» EXERCISE AIM:
Please repeat, precisely as written, only the lines from the one containing "Color: natural black" through the last line of the records below, pictures omitted.

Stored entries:
/---
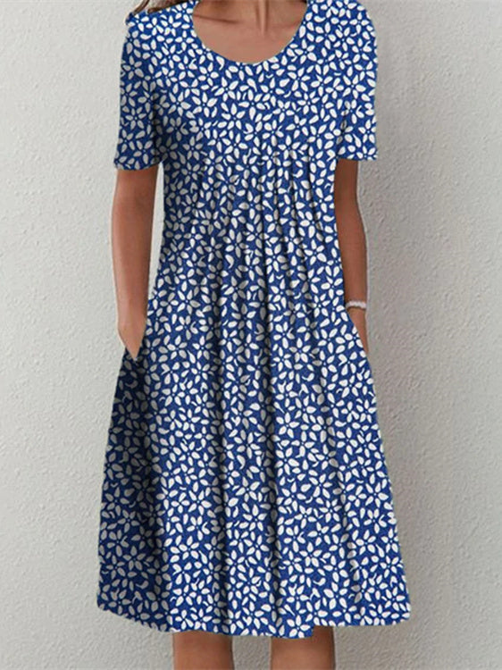 Women Short Sleeve Scoop Neck Floral Printed Dress
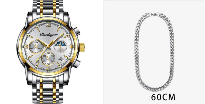 Color: natural black surface steel strip (three-pin calendar), natural blue surface steel strip (three-pin calendar), black and golden surface steel strip (three-pin calendar), Golden white surface steel strip (three-pin calendar), black cover black surface steel belt (three-pin calendar), natural black surface belt style (three-pin calendar), natural blue surface belt style (three-pin calendar), black and golden surface belt style (three-pin calendar), gold white surface belt style (three-pin calendar), black cover black surface belt style (three-pin calendar)
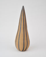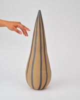 Tall Drop is an original, one of a kind sculptural artwork. A tall organic form balances on a flat, concealed foot and features end to end black iron oxide atomic stripes and natural clay. The piece was made using wheel throwing and hand building techniques, as part of Belinda's 2023 Echo series.
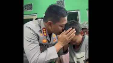 Kapolres kemudian berbicara dengan anak Sudrajat yang tampak masih SD sambil mengelus kepala bocah itu.
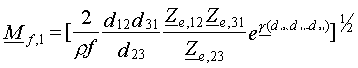 Предполагают, что два микрофона акустически связаны в свободном поле. Используя один из них как источник звука, а другой как приемник звука, измеряют электрический передаточный импеданс. Если акустический передаточный импеданс такой системы известен, то можно найти произведение чувствительностей по свободному полю двух связанных микрофонов. Используя парные комбинации микрофонов (1), (2) и (3), получают три независимых произведения, из которых можно вывести уравнение чувствительности по свободному полю каждого из трех микрофонов.
\---
» RESPONSE FOR THIS EXERCISE:
 Color: natural black surface steel strip (three-pin calendar), natural blue surface steel strip (three-pin calendar), black and golden surface steel strip (three-pin calendar), Golden white surface steel strip (three-pin calendar), black cover black surface steel belt (three-pin calendar), natural black surface belt style (three-pin calendar), natural blue surface belt style (three-pin calendar), black and golden surface belt style (three-pin calendar), gold white surface belt style (three-pin calendar), black cover black surface belt style (three-pin calendar)
 Tall Drop is an original, one of a kind sculptural artwork. A tall organic form balances on a flat, concealed foot and features end to end black iron oxide atomic stripes and natural clay. The piece was made using wheel throwing and hand building techniques, as part of Belinda's 2023 Echo series.
 Kapolres kemudian berbicara dengan anak Sudrajat yang tampak masih SD sambil mengelus kepala bocah itu.
 Предполагают, что два микрофона акустически связаны в свободном поле. Используя один из них как источник звука, а другой как приемник звука, измеряют электрический передаточный импеданс. Если акустический передаточный импеданс такой системы известен, то можно найти произведение чувствительностей по свободному полю двух связанных микрофонов. Используя парные комбинации микрофонов (1), (2) и (3), получают три независимых произведения, из которых можно вывести уравнение чувствительности по свободному полю каждого из трех микрофонов.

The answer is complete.